Der erfindungsgemässe Ladewagen kann sowohl für das tägliche Grünfutterholen als auch in der Arbeitskette der Gärfutterernte verwendet werden. Beide Arbeitsgänge decken sich im wesentlichen. In einem Falle wird vom Wagen in den Stall abgeladen, im andern Falle, z. B. durch Hochförderung, ein Silo beschickt. Die Funktionsweise des Ladewagens ist dabei folgende :
Beim Siloladen wird der Mäh- oder Vorwelkschwad durch die Pick-up-Trommel--3--aufgenommen, von der Förderschnecke --4-- zum oberen und unteren Einzugswalzenpaar --5, 6--gefördert und mit Hilfe der Glattwalze --7-- in den Einlass --8-- des Scheibenradhäckslers --9-- hineingepresst.

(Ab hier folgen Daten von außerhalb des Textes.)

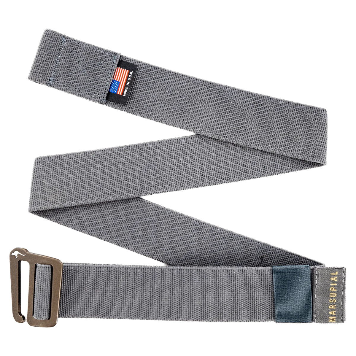 With Marsupial's specially formulated stretch webbing, this belt is the perfect mix of comfort and durability. The stiff 1.5" webbing has a slight stretch embedded in it, allowing the belt to maintain a tight fit through the most rigorous activities. Marsupial's custom hook buckle allows easy on-and-off operation, so no more messing with weaving webbing through traditional tension belt buckles. Rugged enough for the outdoors and sharp enough for the office.
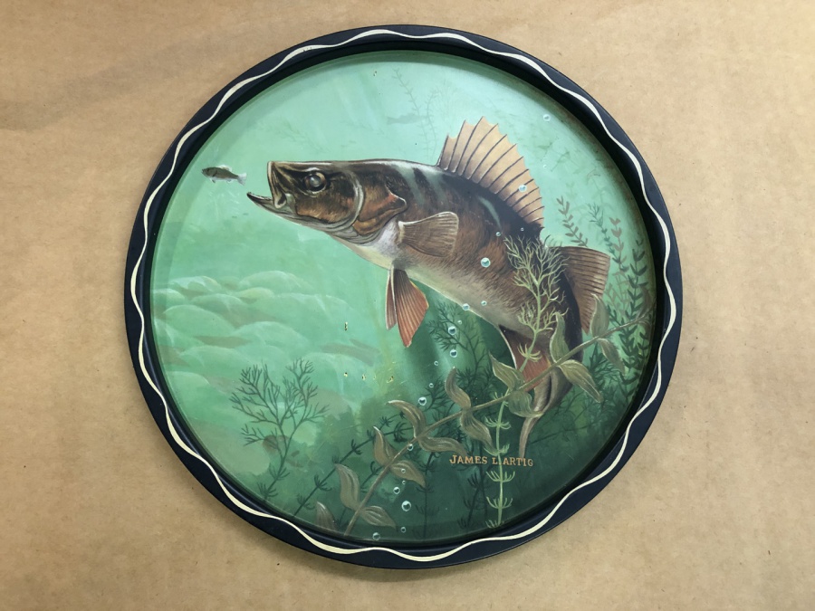 This weeks feature item is this vintage 11" James L. Artig walleye after a minnow round serving tray. $20.00 + tx
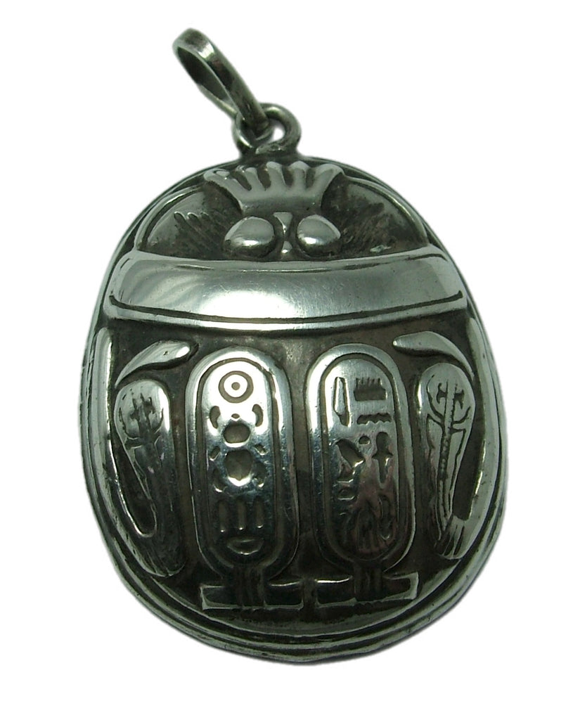 A large vintage 1930's hollow silver charm of a scarab beetle with Egyptian hieroglyphics to the front and back. A lovely unusual piece that is nice quality.
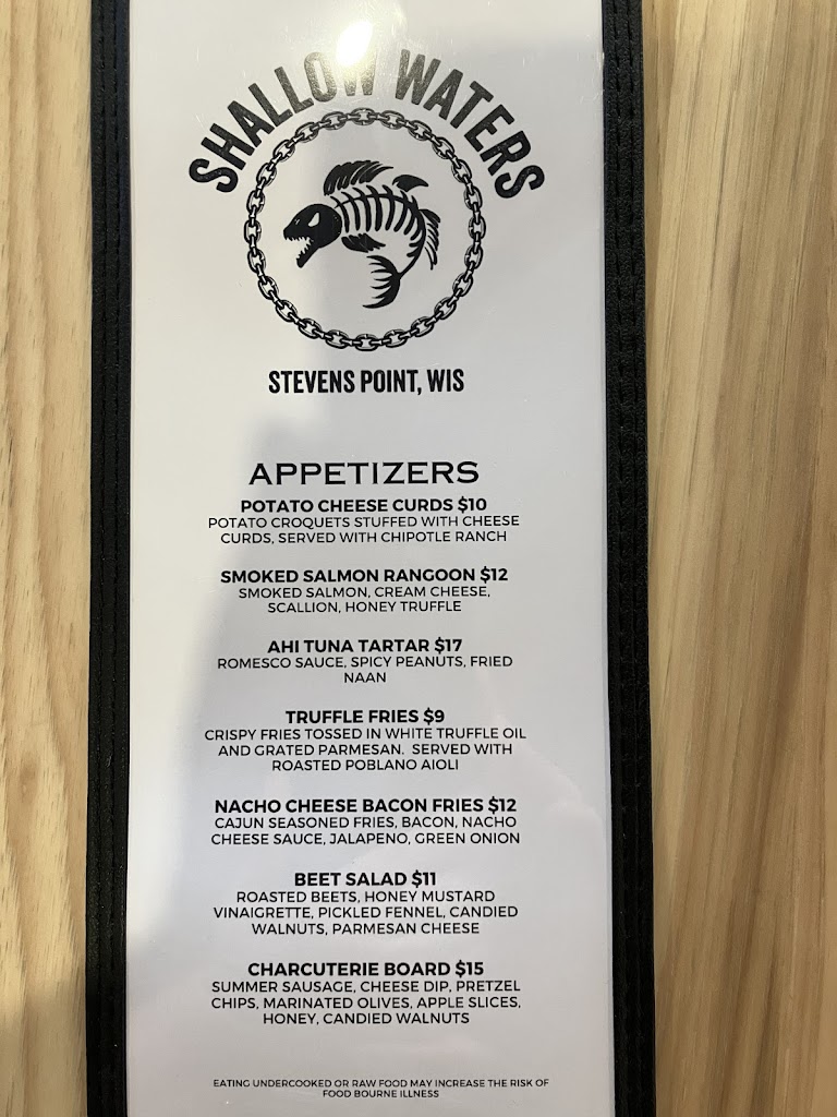 Shallow Waters is a beloved American restaurant in Stevens Point, WI, that delights locals and visitors alike with its diverse menu offerings. Our specialties include classic potato cheese curds, flavorful beet salads, succulent NY strip steaks, and exquisite tarragon Dijon crusted halibut, and our signature drinks perfectly complement our dishes. Beyond dining, Shallow Waters is a vibrant hub offering a dine-in experience, weekly specials, takeout options, event hosting, adult gaming, live football games, cribbage tournaments, and gift cards. Come immerse yourself in the inviting atmosphere of Shallow Waters and savor a dining experience like no other.

Das von dem Scheibenrad --16-- zerkleinerte Gut wird im Wege der Hochförderung durch das Auswurfrohr --10-- und den Krümmer --12-- geladen. Zum Entladen des Wagens wird dieser z. B., wie Fig. 4 zeigt, an ein Hochfôrderrohr-57-eines Silos --58-- angefahren, welches unten ein flexibles Verbindungsstück --59-- aufweist. Nach Abklappen des oberen Rohrstückes --1-- des Auswurfrohres --10-- wird das flexible Verbindungsstück mit Hilfe des Schnellverschlusses --14, 15-- an dem Auswurfrohr-10-- befestigt.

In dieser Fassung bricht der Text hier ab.